What is a Premium Bond?

A premium bond is a loan note to the British government. When you buy a premium bond, you are lending the government £1, which it promises to repay you upon demand. In other words, you are guaranteed to get your capital back.

What interest rate is paid on premium bonds?

Premium bonds don’t pay an interest rate, but rather they pay out prize money to the holders of bond numbers selected in a monthly draw. The top prize is £1 million and the lowest value prize is £25.

Each month all premium bonds that have been held for at least one full calendar month are entered into the draw, and winning numbers are picked out by a machine called the electronic random number indicator equipment, or ERNIE for short.

How much is paid out in winnings?

The amount that is paid out in winnings depends upon the prevailing interest rate: when interest rates are low, then the premium bond prize fund falls. If this pay-out didn’t fall, then the government would be paying a higher rate on these borrowings than if it issued government bonds in the open market.

In 2012, the amount paid out from the prize fund equated to 1%.

However, the average pay-out is a lot less than 1%. With a top prize of £1 million, and thousands of prizes of £25, the average interest rate paid out is skewed upwards.

If I win, how am I taxed on my winnings?

There is no tax on winnings from premium bonds. This makes it a tax efficient form of saving.

However, if you die then the value of the premium bonds are added to your estate for inheritance tax purposes. They cannot be transferred in life or after death.

How do I know if I have won?

Prize winners are notified in writing each month. But on the NS & I website, you can also check the winning numbers from previous draws. Over time, people change addresses, get married, and die. There are tens of thousands of unclaimed premium bond prizes and these can be checked online.

How do I invest?

Firstly, you must be at least 16 years old to buy premium bonds (although accounts can be opened in a child’s name by parents or grandparents). Application for premium bonds can be made either online, or by post, or by telephone. The process is straightforward, and application forms can either be downloaded from the NS&I website, or collected from the Post Office.

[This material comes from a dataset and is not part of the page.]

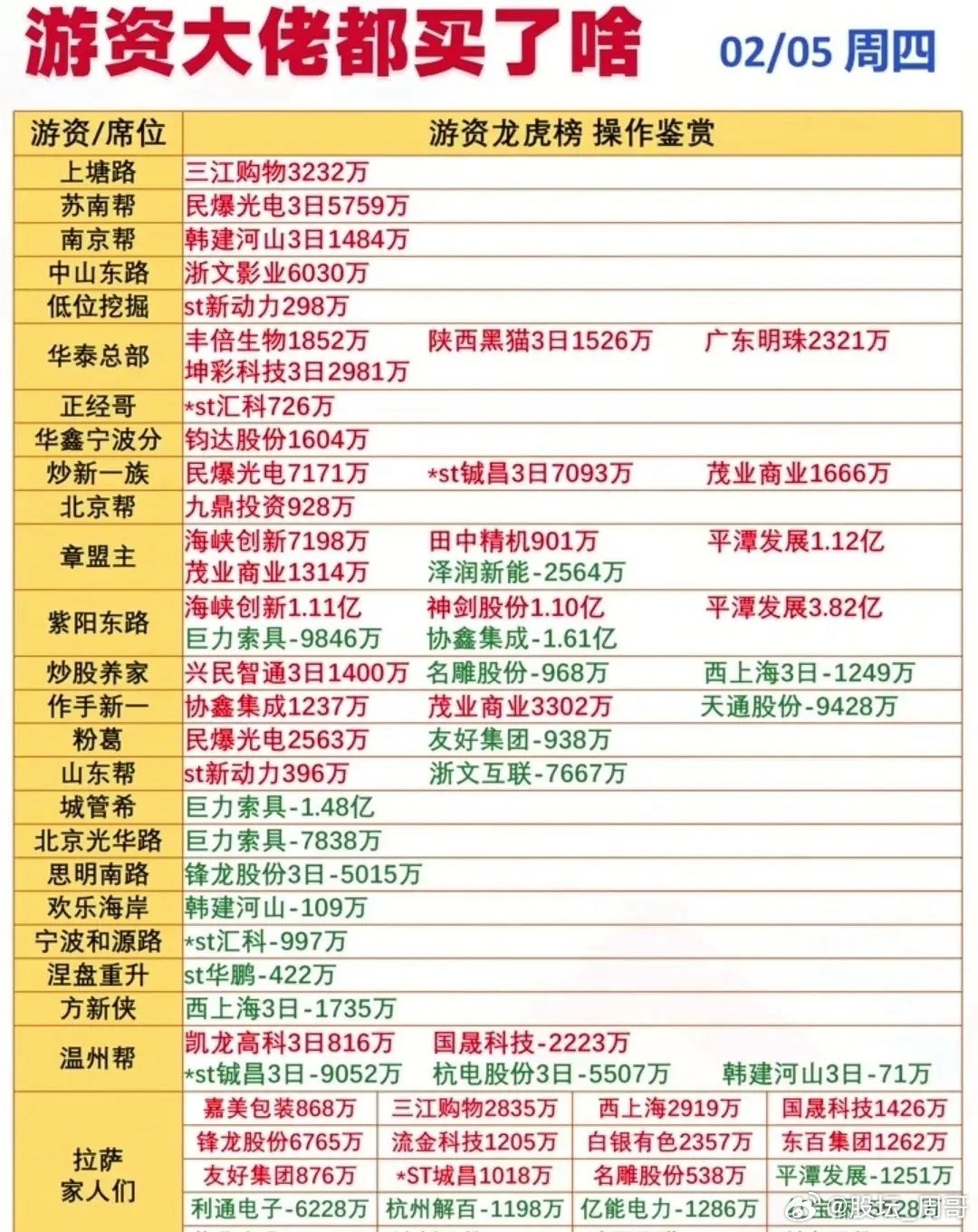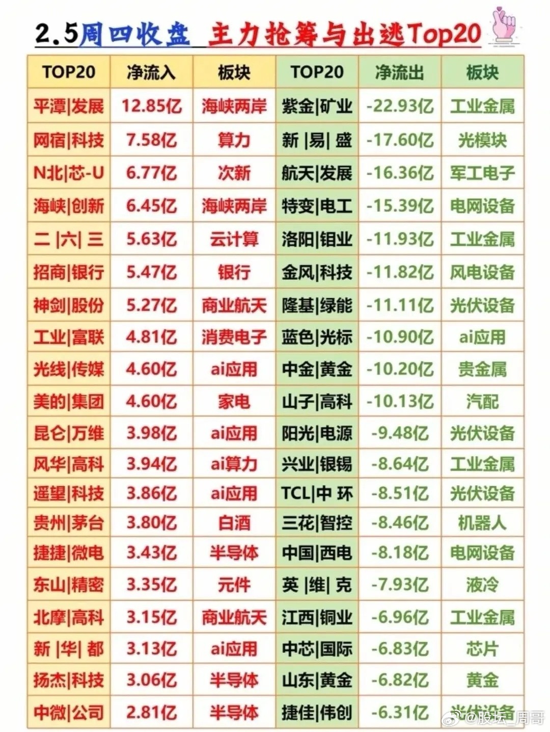 🚨 2月5日周四收盘大揭秘:主力、游资、暗盘资金动向全曝光!

Payment for the bonds must be made either by cheque (postal application) or by bank debit card. They cannot be bought using a credit card.

Investments can be made either by lump sums or as regular savings paid by standing order from your bank account.

How much can I invest?

The maximum amount that you can invest is £30,000. The bonds have a par value of £1, and so for a maximum investment you receive 30,000 entries into each month’s draw.

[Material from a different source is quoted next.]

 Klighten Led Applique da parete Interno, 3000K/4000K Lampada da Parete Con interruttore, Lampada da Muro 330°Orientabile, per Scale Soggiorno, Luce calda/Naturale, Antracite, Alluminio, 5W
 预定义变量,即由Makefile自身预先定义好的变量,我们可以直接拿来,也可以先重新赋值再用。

If you are investing a lump sum, then the minimum you can invest is £100, but if you are saving via a standing order each month, this minimum falls to £50.

How are winnings paid?

If you are lucky enough to win, then you will normally receive a warrant (like a cheque) through the post. However, it is more common for premium bond holders to elect to receive any winnings direct to their bank account. If choosing the latter payment method, then winners are sent an email confirming the win and payment.

For any prize higher than £5,000, you will be sent a claim form to fill in and claim your prize. If you are lucky enough to win the big prize, then a personal visit will be made to you to inform you of your win.

You may also elect to resave any winnings, buying more premium bonds until the maximum holding is reached.

What are the odds of winning?

If you have bought the maximum £30,000, and keep your bonds for 5 years then with average luck you should receive £1500 in winnings.

The odds of winning one of the £25 prizes are 1 in 24,000. The odds of winning the £1 million prize are 1 in over 43 billion per premium bond held! If you hold the maximum £30,000, the odds of winning the big prize are still 1 in 110,000!

So are Premium Bonds a good investment?

An investment in premium bonds gives you certainty of capital with the chance to win some big money. It is sometimes called the ‘working man’s lottery’. However, when compared to the National Lottery, the top prize is smaller and the odds of winning far larger (your chances of winning the jackpot on the National Lottery are only 14 million to 1!).

With a prize fund of 1.5% of the total funds held, premium bonds pay out a lower rate of interest overall than most high interest rate accounts. On top of this, because of the way that winnings are divided, the equivalent actual rate of interest received by most premium bond holders is even less (at around 1%).

But, winnings are tax free. For a higher rate taxpayer who wants security of investment, premium bonds offer a safe haven for short term lump sums.

If you too want the chance to win big money, whilst knowing your capital is safe, then premium bonds might be for you. However, as with all investments there is an investment risk. The risk with premium bonds is that your winnings will not keep up with inflation, and the purchasing power of your money will decrease over time.